Spatial and biochemical interactions between bone marrow adipose tissue and hematopoietic stem and progenitor cells in rhesus macaques

Abstract

Recent developments in in situ microscopy have enabled unparalleled resolution of the architecture of the bone marrow (BM) niche for murine hematopoietic stem and progenitor cells (HSPCs). However, the extent to which these observations can be extrapolated to human BM remains unknown. In humans, adipose tissue occupies a significant portion of the BM medullary cavity, making quantitative immunofluorescent analysis difficult due to lipid-mediated light scattering. In this study, we employed optical clearing, confocal microscopy and nearest neighbor analysis to determine the spatial distribution of CD34+ HSPCs in the BM in a translationally relevant rhesus macaque model. Immunofluorescent analysis revealed that femoral BM adipocytes are associated with the branches of vascular sinusoids, with half of HSPCs localizing in close proximity of the nearest BM adipocyte. Immunofluorescent microscopy and flow cytometric analysis demonstrate that BM adipose tissue exists as a multicellular niche consisted of adipocytes, endothelial cells, granulocytes, and macrophages. Analysis of BM adipose tissue conditioned media using liquid chromatography-tandem mass spectrometry revealed the presence of multiple bioactive proteins involved in regulation of hematopoiesis, inflammation, and bone development, with many predicted to reside inside microvesicles. Pretreatment of purified HSPCs with BM adipose tissue conditioned media, comprising soluble and exosomal/microvesicle-derived factors, led to enhanced proliferation and an increase in granulocyte-monocyte differentiation potential ex vivo. Our work extends extensive studies in murine models, indicating that BM adipose tissue is a central paracrine regulator of hematopoiesis in nonhuman primates and possibly in humans.
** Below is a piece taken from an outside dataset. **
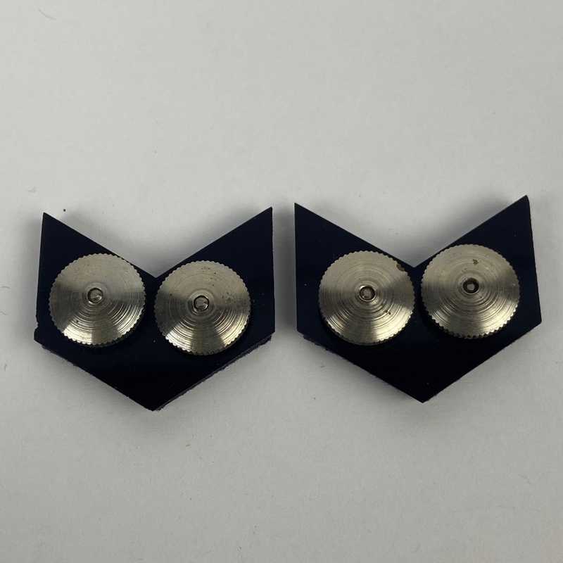 Fabricadas en goma, gruesas, con dos roscas en la parte posterior para unir al uniforme.

Keywords: Bone marrow adipose tissue; Bone marrow niche; Hematopoietic stem and progenitor cells; Microscopy; Nonhuman primates.

Figure 1.. Characterization of the adipocyte niche in the rhesus BM.

(A) Spatial organization of vascular niches and BM adipose tissue in the rhesus macaque femur. Central sinus, centrally located vein; sinusoids, branches of central sinus; artery, central arterial blood vessel (smaller arterioles are not shown). Distal and central parts of the femur are enriched in BM adipose tissue; proximal femur is enriched in hematopoietic cells. (B) Bone sections representing the proximal (p), medial (m), and distal (d) parts of the femur from a male rhesus macaque 2 years and 229 days of age. (C) Representative image of the proximal femur stained with Hoechst (DNA), isolectin GS-IB4 Alexa 488 (blood vessels), and HCS LipidTox Deep Red (adipocytes); arrows, adipocytes associated with blood vessels; CS, central sinus. (D) Low- and (E) high-magnification images of BM stained with antibodies to CD31 and the lipid dye HCS LipidTox Deep Red; E, right panel, BM adipocytes (a) stained with antibodies to perilipin-1 without HCS LipidTox Deep Red. To retain HCS LipidTox Deep Red in the lipid droplets of BM adipocytes, immunohistochemistry experiments presented in this figure were performed without optical clearing.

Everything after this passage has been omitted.